$35
Problem 1:
Part a:
The mean pattern vector or centroid for each class was calculated in MATLAB. They are shown below:
Class 1 centroid:
[7.3333, 9.2083, 8.1875, 5.9375, 9.3125, 11.4375, 3.1458, 3.7708] Class 2 centroid:
[5.6666, 5.1250, 5.3750, 6.0625, 4.6458, 4.6041, 7.8958, 9.4375] Class 3 centroid:
[7.3125, 7.2083, 6.7291, 5.9791, 5.3333, 5.4791, 3.7291, 4.2083] Class 4 centroid:
[8.2708, 8.0833, 7.2500, 6.0000, 9.1875, 9.6250, 6.4166, 7.4375]
Part b:
Using Euclidean distance, the pattern vector that is farthest from the class mean was found using MATLAB, shown below:
Class 1:
[12 9 7 13 13 8 3 2]
Class 2:
[6 6 4 16 4 4 4 14]
Class 3:
[6 6 5 5 4 4 0 2]
Class 4:
[2 3 12 7 8 12 7 8]
Part c:
It is difficult to distinguish between the 4 classes using histograms with frequencies overlapped on top of each other.

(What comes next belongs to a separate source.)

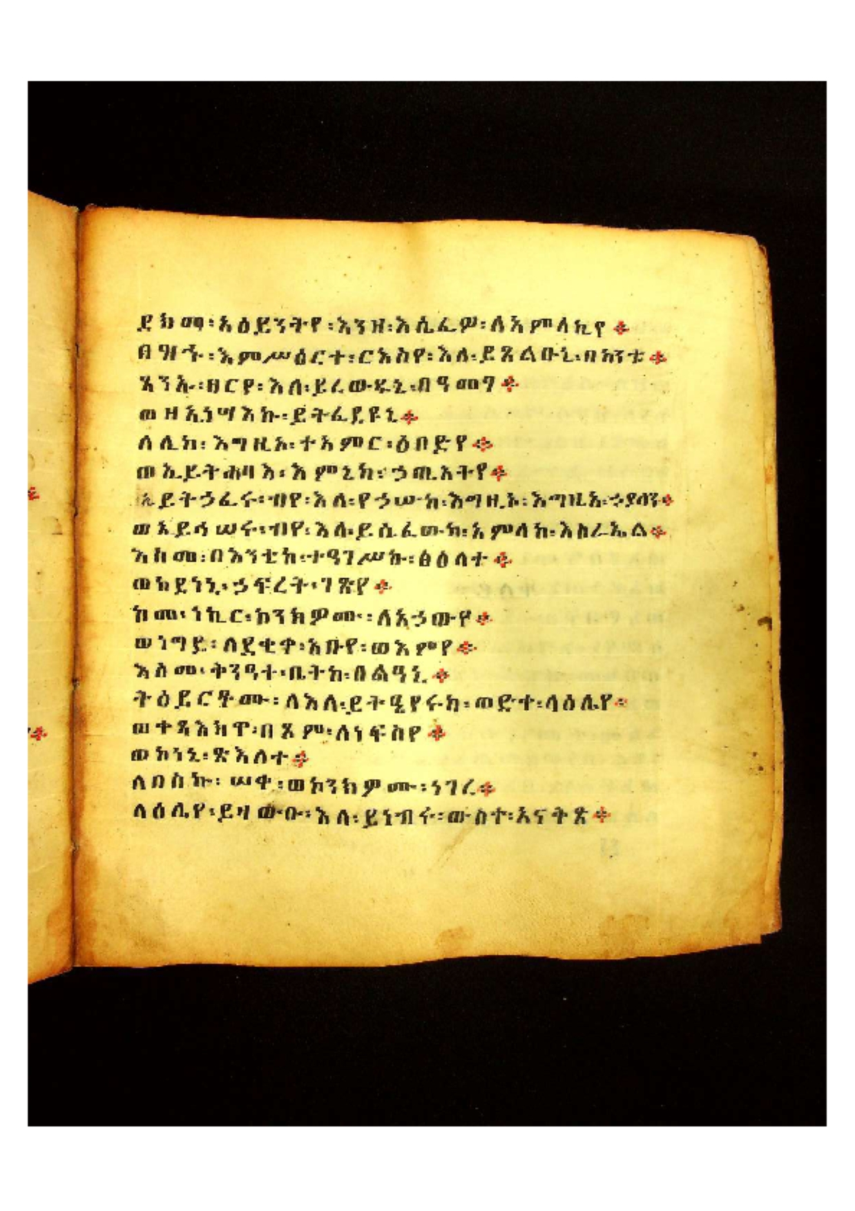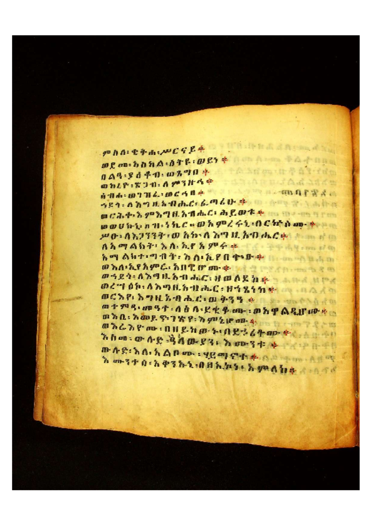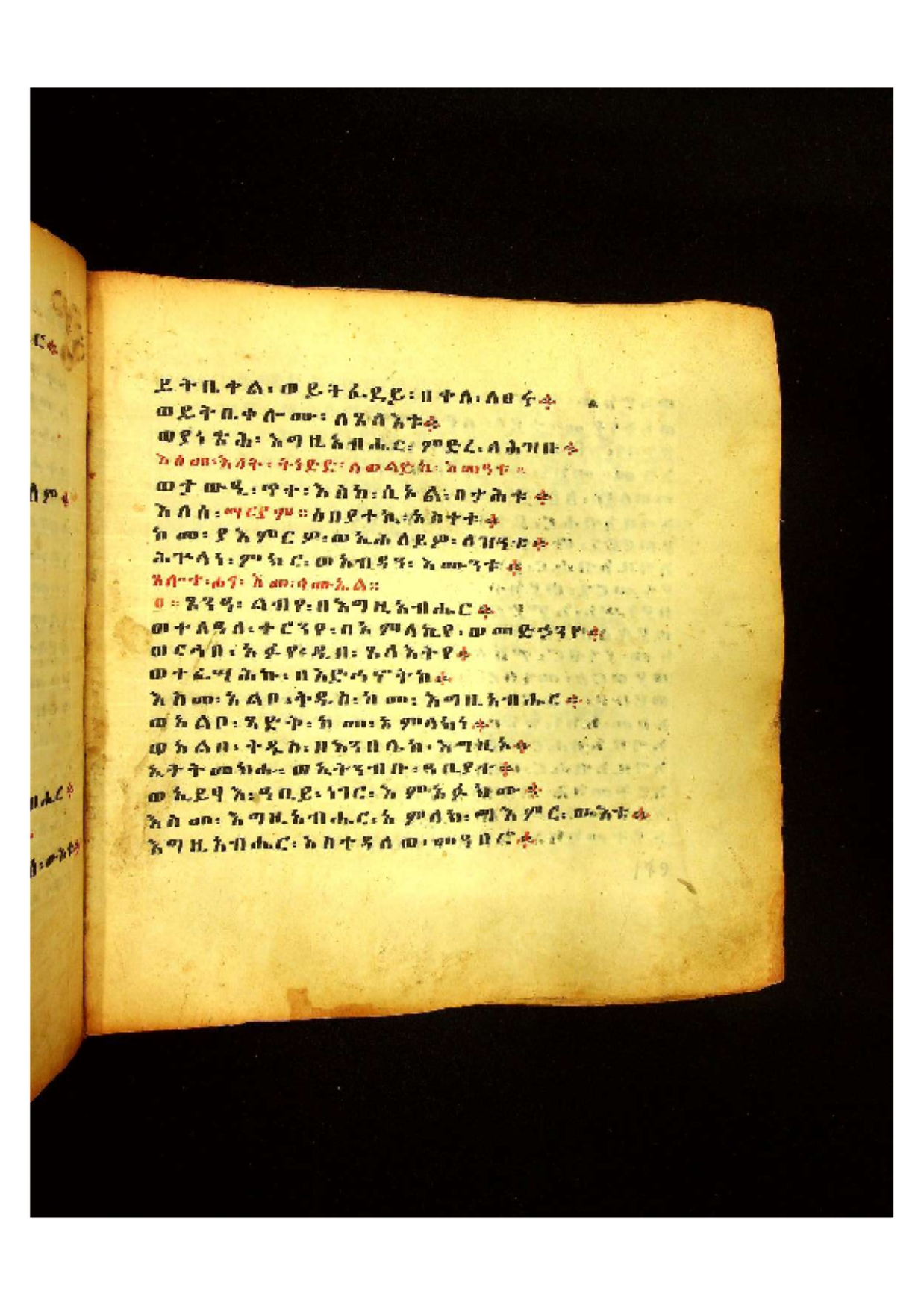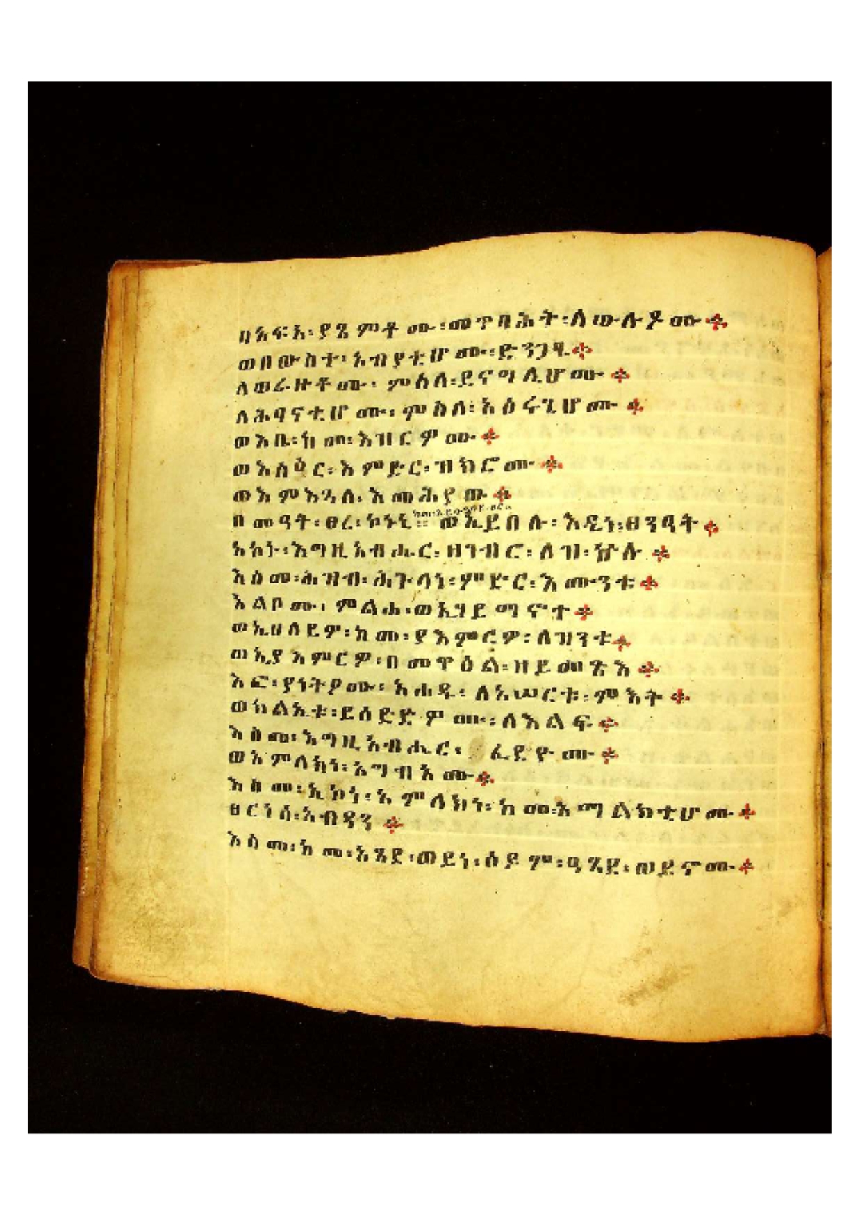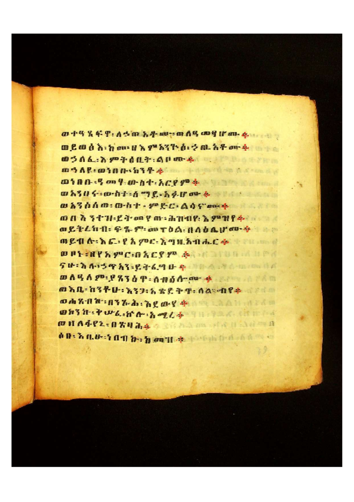 1. F. 2r: donation note written vertically in the outer margin, in black ink: “alla famiglia Bruschettini, Pussy […] Battaglia dell’Amba Aradam il 16 febbraio 1936 XIV”. The note, written in Italian and partly illegible, indicates the Bruschettini family as the receiver of the book and mentions the Battle of Amba Aradam, which took place on 16 February 1936. 2. F. 5r: note written in Italian in the outer upper margin, in red pencil: “Amba Aradam 16/2/XIV ore 17.30 P. Paloboni (?)”. This note also mentions the Battle of Amba Aradam, together with an individual whose name is partially unclear (P. Paloboni?). 3. F. 173v: supplication note written in small script in a mediocre hand, at the end of the “Psalms of David”: ዕቀበኒ፡ እምዓይነ፡ ደዌ፡ ወሞት፡ ለገብርከ፡ ደቅስዮስ፡, “protect me, your servant Däqsəyos, from the eye of infirmity and death”. The note mentions a certain Däqsəyos, indicated as “your servant” (possibly a later owner of the codex). 4. F. 173v: incipit of the Gəʿəz and Amharic prayer, perhaps a writing exercise. The note is written in an inaccurate calligraphy on the outer margin of the folio, next to the prayer. The entire text is የህፂ፡ ኖኅን፡ ከማየ[፡] አይኅ። እስራኤልን፡ ከፈርዖን፡ ዳዊትን፡ ከሳኦል፡ ከኢሎፍሊ። ኤ. 5. F. 190v: donation note, written in black ink in a mediocre hand. Text: ዝመጽሐፍ፡ ዘደብተራ፡ ኪሮስ፡ ዘወሀቦ፡ ለታቦተ፡ ሚካኤል፡ ኢትርስዑኒ፡ በአቡነ፡ ዘበሰማያት፡ ዘአቡየ፡ ገብረ፡ ማርያም፡ ወለእምየ፡ ወለተ፡ ሩፋኤል፡, “This book belongs to däbtära Kiros, who donated it to the tabot of [the church of St] Michael. Do not forget me for our Father who is in heaven. [It also belongs] to my father Gäbrä Maryam and my mother Wälättä Rufaʾel”. 6. F. 199v: writings executed in an inaccurate hand, perhaps the same of note 4. The note includes pen trials (ፈቲነ፡ ብርዕ፡ ዘፈረና፡ etc.), reproduces the explicit of the “Song of the songs” (ስብሐታተኪ፡ ማርያም፡ ከመ፡ እንተ፡ ሕልቀት፡ etc.) and the incipit of the “Praise of Mary” (ውዳሴ፡ ዘሰኑይ፡ ፈቀደ፡ እግዚእ፡ etc., partly rubricated). The writings also mention Däqsəyos, indicated as “your servant” (possibly a later owner of the codex) 7. F. 220ra–va: Genealogic note written on two columns. The note illustrates the family tree of King Yoḥannǝs I, who reigned from 1667 to 1682. The text is acephalous. Incipit: [ወለ]ደ፡ እምሐና፡ ብእሲቱ፡ አሦተ፡ ቅዱሳንሃ፡ ወአሦተ፡ ቅዱሳንኒ፡ እምነ፡ ጳውሊ፡ ብእሲሃ፡ ወለደቶሙ፡ ለአቤተኁን፡ ማእምሮ፡ ወለዘሥላሴ፡ ወአቤተኁን፡ ማእምሮኒ፡ ወለደ፡ አቃርዮስ፡ ወአቃርዮስኒ፡ ወለደ፡ እመቤት፡ እኅተ፡ ክርስቶስሃ፡. The text is published and translated in Proverbio D.V., 2000, ‘Inventario sommario dei manoscritti arabi, ebraici, etiopici – con notizia dei turchi – conservati presso la Biblioteca della Badia di Grottaferrata’. Atti della Accademia nazionale dei Lincei, Memorie, Classe di scienze morali, storiche e filologiche, serie IX, 12 (2000), 468–570 (here pp. 496–97, Appendice III). 8. F. 220va–b: Protective prayer against snakes, written on two columns. Incipit: በስመ፡ አብ፡ … ጸሎት፡ በእንተ፡ ዓርዌ፡ ምድር። ሶበ፡ በጽሐ፡ መልእክት፡ ሐሰውከ፡ በል፡ ፫ጊዜ፡ አኂዘከ፡ ዘፈረ፡ ልብሰ፡ ለእመ፡ ሀሎ፡ ርሑቀ፡ አስትዮ፡. The prayer is probably written in the same hand of note 7. 9. F. 220vb: Unidentified magic prayer containing asmat-names. Incipit: በስመ፡ አብ፡ … ኦላዘላህም፡ አህጉረ፡ ቀዳ[.]፡ ፍሖም፡ ሊስ፡ አፍሊስ፡ ምልክዮስ፡ ዘ[..]ማኤል፡ በዝንቱ፡ አስማቲከ፡ [.]ጽ[..] ኃይለ፡ በረድ፡ ወነፋስ፡ ከማሁ፡. |

So, to analyze the features and their usefulness, I opted to visualizing them side-by-side using subplots in MATLAB. For all 8 features, I have computed the overlapped histogram frequencies and the subplots. They are shown below:
No single feature is perfect for distinguishing between all 4 classes, as all of the features have some degree of overlap in feature values for a given feature. Useful features are those with the least overlap between classes, i.e they have the greatest inter-class variability.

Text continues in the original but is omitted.